- 2024 map defined in 2023 Wisc. Act 94 2022 map defined in Johnson v. Wisconsin Elections Commission 2011 map was defined in 2011 Wisc. Act 43
- Assemblymember:
|  | Ryan Spaude D–Ashwaubenon |
since January 6, 2025 (1 years)
- Demographics: 79.31% White 4.51% Black 6.45% Hispanic 3.83% Asian 6.25% Native American 0.13% Hawaiian/Pacific Islander
- Population (2020) • Voting age: 59,697 46,453
- Website: Official website
- Notes: Green Bay metro area

= Wisconsin's 89th Assembly district =

American legislative district in Brown County, Wisconsin

The 89th Assembly district of Wisconsin is one of 99 districts in the Wisconsin State Assembly. Located in Northeastern Wisconsin, the district is entirely contained within central Brown County.
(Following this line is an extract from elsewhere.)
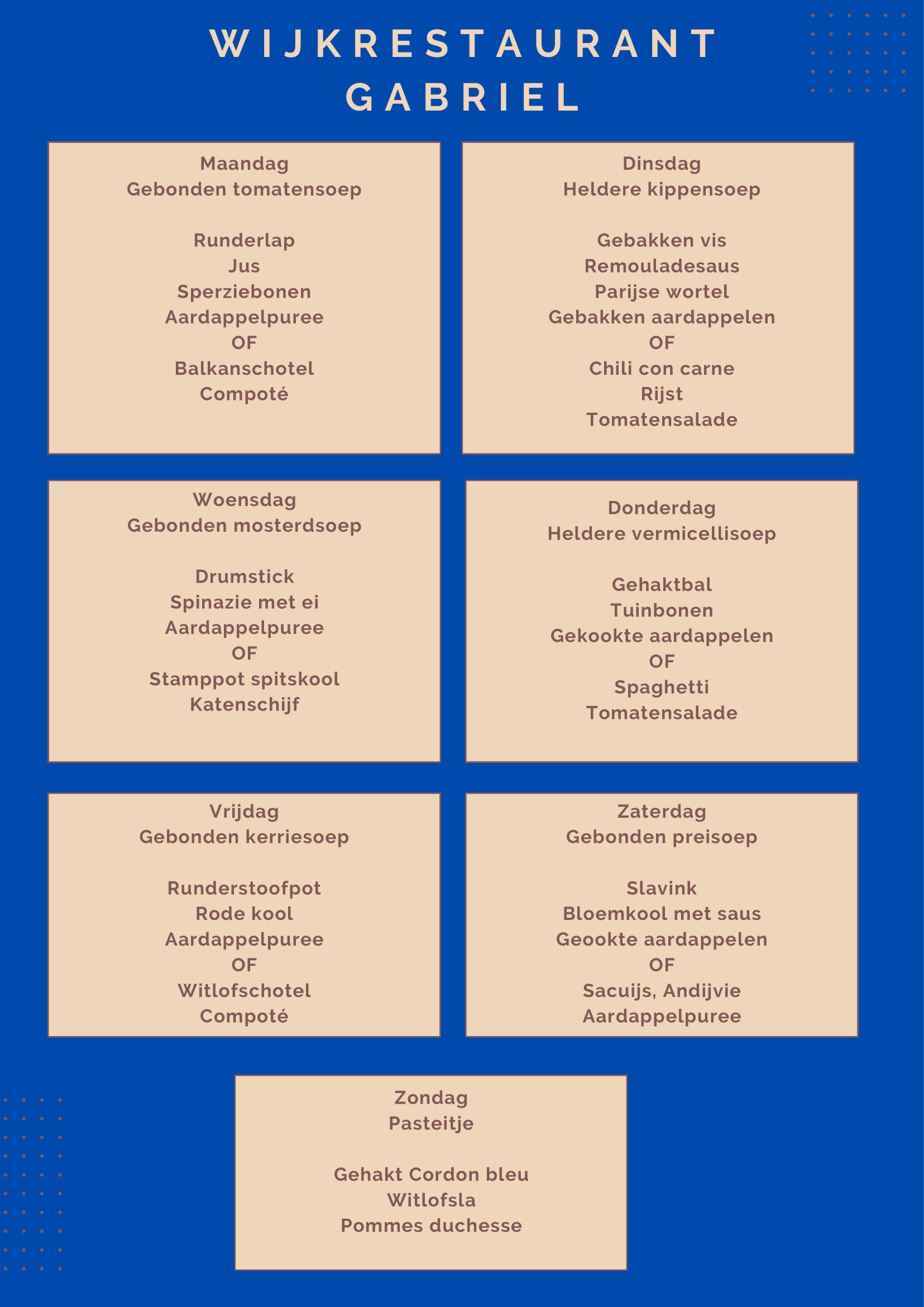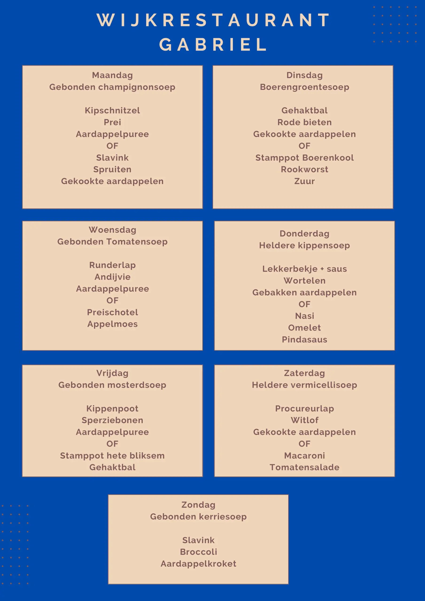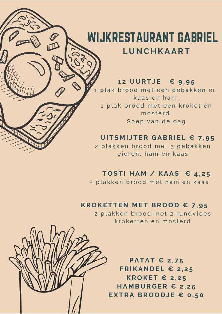 Elke dag een soep + toetje van de dag. + Menu voor 13,75.-

It includes the village of Ashwaubenon and much of the west side of the city of Green Bay. The district contains Lambeau Field, home of the Green Bay Packers. The district is represented by Democrat Ryan Spaude, since January 2025.

The 89th Assembly district is located within Wisconsin's 30th Senate district, along with the 88th and 90th Assembly districts.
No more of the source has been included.